Prove that $\boldsymbol{v}^T\boldsymbol{A}^{-1}\boldsymbol{v}\boldsymbol{z}^T\boldsymbol{A}\boldsymbol{z} \ge (\boldsymbol{v}^T\boldsymbol{z})^2$

Question

I'm facing the following problem:

Prove that

$$ \boldsymbol{v}^\top\boldsymbol{A}^{-1}\boldsymbol{v}\boldsymbol{z}^\top\boldsymbol{A}\boldsymbol{z} \ge (\boldsymbol{v}^\top\boldsymbol{z})^2 $$

where $\boldsymbol{v},\boldsymbol{z} \in \mathbb{R}^n$ are unit vector ($||\boldsymbol{v}||=||\boldsymbol{z}||=1$) and $\boldsymbol{v}^\top\boldsymbol{z}>0$, $\boldsymbol{A}\in \mathbb{R}^{n \times n}$ is symmetric and positive definite.

I am reasonably sure that the assertion is true because I tested it numerically with a lot of random numbers. But I don't find a way to prove this. There exist any property that I can exploit?

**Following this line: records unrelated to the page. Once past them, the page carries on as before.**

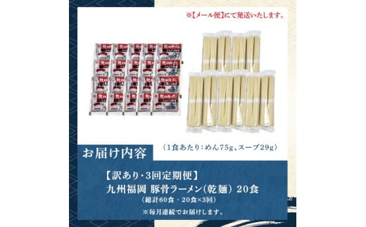 《訳あり・定期便全3回》九州福岡 豚骨ラーメン(総計60食・20食×3回) 豚骨 豚骨ラーメン とんこつラーメン 豚骨 乾麺 かんめん わけあり 訳アリ 業務用 簡易包装 メール便 個包装 小分け 常温 常温保存 長期保存 定期便 頒布会【マル五】as06-097
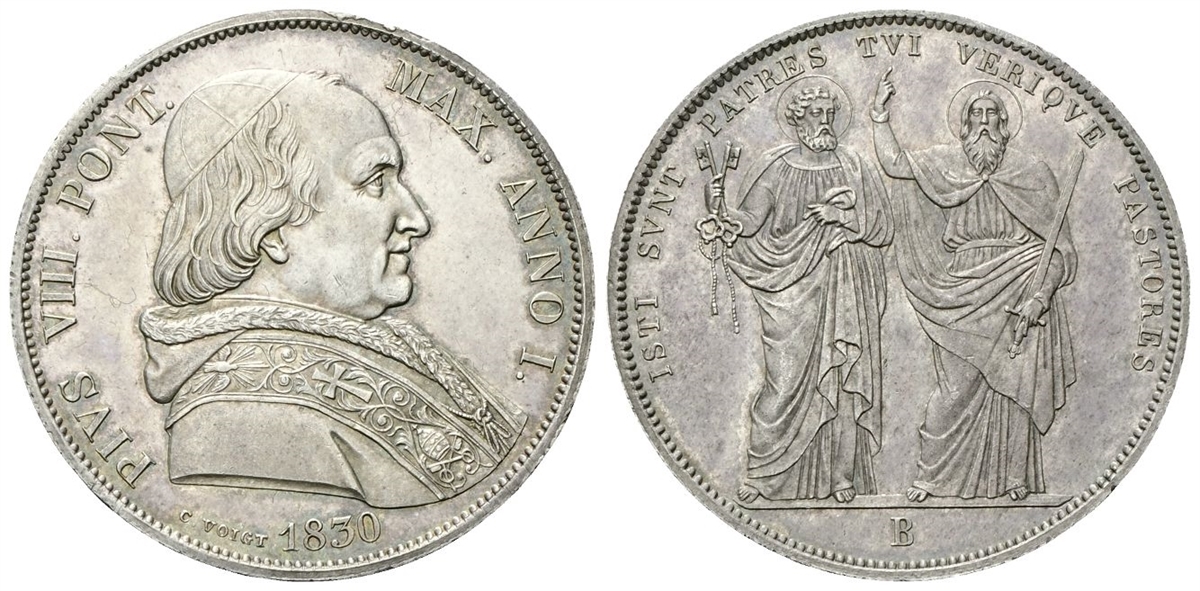 Dr. PIVS VIII• PONT• - MAX• ANNO I•. Busto a d., con zucchetto, mozzetta e stola. Rv. ISTI SVNT PATRES TVI VERIQVE PASTORES. San Pietro, con chiavi, e Paolo, con spada, affiancati; in esergo, B.
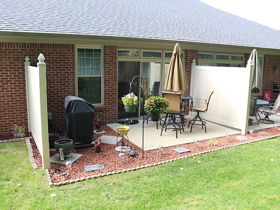 Located in a small, 20 building (40 single family) Patio home community; all brick, spacious, open one-floor plan, 2 BR, 2 LG Baths, 2 car garage, 12' ceiling in great room; gas fireplace; bay window in eat-in kitchen w/ granite counters, travertine tile backsplash; Master BR with walk-in closet; Bath has 2-48" vanities, walk-in shower, tile enclosed tub; 2nd BR w/pocket door to lg. bath for private suite. Ceiling fans in all rooms; ceramic tile in foyer, kitchen, baths, laundry & sunroom; large private patio. Close to grocery/drug stores. Neighborhood Assoc. has several meet & greet functions during year. Very quiet, friendly neighborhood. Will work with buyers agents.
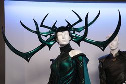 My favorite outfits to see were the ones from the movies I most enjoyed from the past year. The one piece of exhibit I hurried in to see, besides the main “Wonder Woman” display, was “Thor: Ragnarok.” You could see the grand black-horned crown of the goddess Hela all the way from the entrance, as the platinum green and black costume on the mannequin loomed over those passing by. She drew you straight in at first sight, standing in front, almost leading the costumed figures behind her, such as Thor and Loki. Mayes C. Rubeo did an amazing job, with Director Taika Waititi lending a creative hand in its development as well.
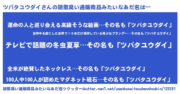 | 意味不明あだ名 | 『自称ツバタユウダイ』 |

If I am able to prove it in the restricted case $n=3$ and/or $\boldsymbol{A}$ diagonal, it is still fine for me. Obviously, it is nicer to have a more generic proof.

Answer 1

The identity that should be helpful here is the identity

$$\|I\|\leq \|A\|\cdot \|A^{-1}\|$$